Análise · Ricardo Mendes
O valor nominal de um benefício social é apenas metade da equação; a outra, mais corrosiva, é a inflação. Ao propor um Orçamento para 2027 que mantém o Bolsa Família em R$ 600, o governo opta por um ajuste fiscal silencioso, que não passa por emendas constitucionais ou negociações ruidosas no Congresso, mas pela perda real de poder de compra das famílias mais vulneráveis.

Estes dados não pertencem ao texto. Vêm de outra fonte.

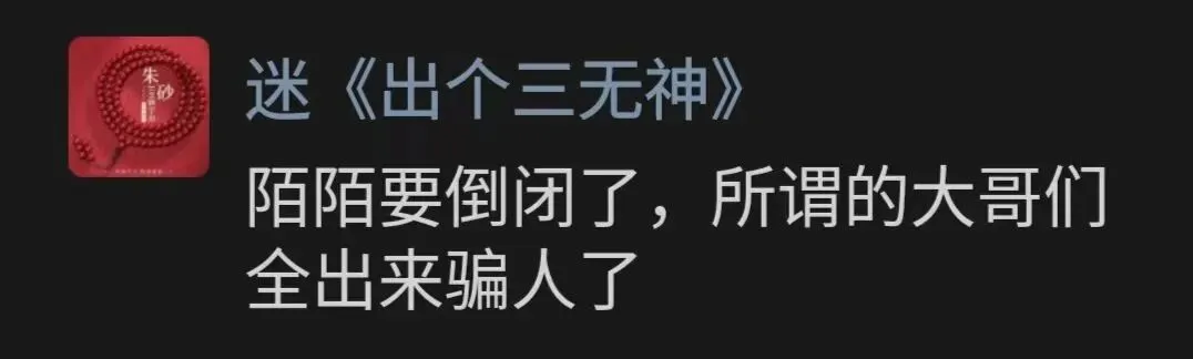 难道陌陌圈内已经骗不到主播兜里的钱了!所以很多陌圈里的"骗子",刷拉的大哥,转战到视频号,专挑眼熟的跳槽主播,乱枪打鸟似的锁定行骗?
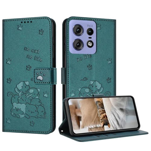 Funda de Cuero para Motorola Edge 50 Pro con Diseño de Gatito en Relieve y Cordón (Verde Oscuro)
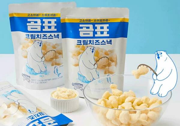 레트로 브랜드 중에서 대한제분의 '곰표'만큼 대중적인 호감도가 높은 브랜드가 또 없을 것이다. 곰표로 출시된 새로운 스낵의 이름은 '곰표 크림치즈 스낵'으로, 퀘스크렘 크림치즈를 활용한 스낵이다. 첫맛부터 끝맛까지 진항 크림치즈의 풍미를 느낄 수 있는 스낵으로, 편의점 CU에서 만날 수 있는 제품이다. 과자의 모양은 표곰이가 잡은 물고기의 모양을 하고 있다. 가격은 봉지당 1,900원이다.

Os números, dispostos em sequência, revelam a lógica. A dotação para o programa cai de R$ 167,2 bilhões em 2025 para R$ 158,6 bilhões em 2026, chegando a R$ 157,1 bilhões na proposta para 2027. É uma trajetória de redução nominal, um fato raro em despesas obrigatórias. A decisão ocorre em um momento em que o número de beneficiários se mantém estável, próximo de 19,3 milhões de famílias. Menos recursos para um universo de pessoas praticamente idêntico significa, na prática, um benefício menor.
A discussão não é nova, mas a estratégia, sim. Desde seu relançamento em março de 2023, o valor do benefício não sofreu reajuste. A legislação, que permite a correção em até dois anos, é interpretada pelo Executivo como uma autorização, não uma obrigação. É a conversão de uma salvaguarda social em uma válvula de escape fiscal. O governo transfere ao Legislativo o ônus político de lutar por uma recomposição, enquanto a equipe econômica sinaliza sua prioridade: a contenção do avanço das despesas obrigatórias.

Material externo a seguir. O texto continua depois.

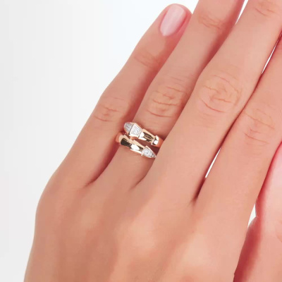 Кольцо с 2 бриллиантами природными, 0.03 карат, огранка круг 57 граней, цвет 3, чистота 6, тип огранки А; 2 бриллиантами природными, 0.02 карат, огранка круг 57 граней, цвет 3, чистота 6, тип огранки А; 1 бриллиантом природным, 0.008 карат, огранка круг 57 граней, цвет 3, чистота 6, тип огранки А; 1 бриллиантом природным, 0.004 карат, огранка круг 17 граней, цвет 2, чистота 2, тип огранки А; Розовое золото 585 пробы.

A corrosão do poder de compra
Congelar um benefício mínimo em R$ 600 por quatro anos consecutivos é decretar sua redução. A inflação acumulada no período transforma o valor de face em uma miragem. O que se compra com R$ 600 hoje não se comprará em 2027. Para a renda de uma família que tem como baliza o valor de R$ 218 mensais por pessoa, qualquer perda real representa um retrocesso significativo na margem de segurança alimentar e de consumo básico. A estabilidade monetária, legado do Plano Real, foi uma obra civilizatória precisamente por proteger o poder de compra dos mais pobres contra a corrosão inflacionária.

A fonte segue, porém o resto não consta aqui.